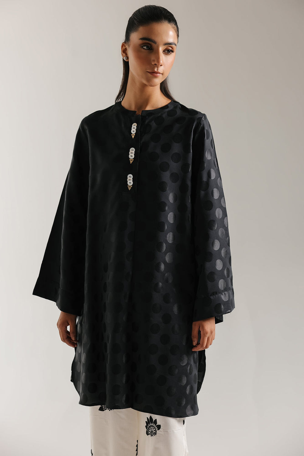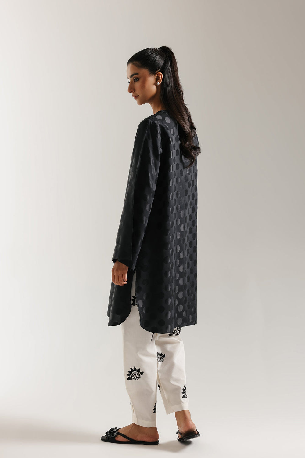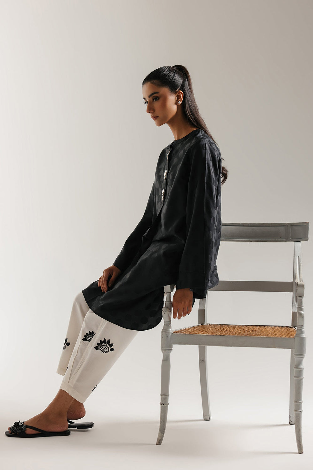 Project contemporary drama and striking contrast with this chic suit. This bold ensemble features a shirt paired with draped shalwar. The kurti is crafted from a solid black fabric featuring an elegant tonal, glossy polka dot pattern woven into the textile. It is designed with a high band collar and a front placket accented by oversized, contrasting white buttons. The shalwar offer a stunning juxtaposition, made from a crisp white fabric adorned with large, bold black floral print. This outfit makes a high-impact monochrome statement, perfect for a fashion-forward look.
= = = = =
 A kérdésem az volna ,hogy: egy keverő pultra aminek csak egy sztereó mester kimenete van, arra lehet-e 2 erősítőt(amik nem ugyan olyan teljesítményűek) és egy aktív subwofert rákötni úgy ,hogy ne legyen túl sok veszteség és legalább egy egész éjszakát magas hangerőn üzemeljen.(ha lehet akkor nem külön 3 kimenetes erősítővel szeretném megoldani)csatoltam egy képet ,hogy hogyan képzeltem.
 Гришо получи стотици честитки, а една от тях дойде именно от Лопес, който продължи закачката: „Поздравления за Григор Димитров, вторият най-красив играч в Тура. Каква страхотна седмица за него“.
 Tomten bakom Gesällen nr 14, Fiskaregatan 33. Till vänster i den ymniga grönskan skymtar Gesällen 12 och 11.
= = = = =
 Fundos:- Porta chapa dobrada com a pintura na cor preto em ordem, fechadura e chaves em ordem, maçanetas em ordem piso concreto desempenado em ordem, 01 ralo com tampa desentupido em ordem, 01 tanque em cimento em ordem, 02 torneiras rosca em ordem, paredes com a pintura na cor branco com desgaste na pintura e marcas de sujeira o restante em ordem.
= = = = =
Reproduce, word for word and in full, only the lines above that start at the line with "A kérdésem az" and run through the line with "Tomten bakom Gesällen", both ends included.

 A kérdésem az volna ,hogy: egy keverő pultra aminek csak egy sztereó mester kimenete van, arra lehet-e 2 erősítőt(amik nem ugyan olyan teljesítményűek) és egy aktív subwofert rákötni úgy ,hogy ne legyen túl sok veszteség és legalább egy egész éjszakát magas hangerőn üzemeljen.(ha lehet akkor nem külön 3 kimenetes erősítővel szeretném megoldani)csatoltam egy képet ,hogy hogyan képzeltem.
 Гришо получи стотици честитки, а една от тях дойде именно от Лопес, който продължи закачката: „Поздравления за Григор Димитров, вторият най-красив играч в Тура. Каква страхотна седмица за него“.
 Tomten bakom Gesällen nr 14, Fiskaregatan 33. Till vänster i den ymniga grönskan skymtar Gesällen 12 och 11.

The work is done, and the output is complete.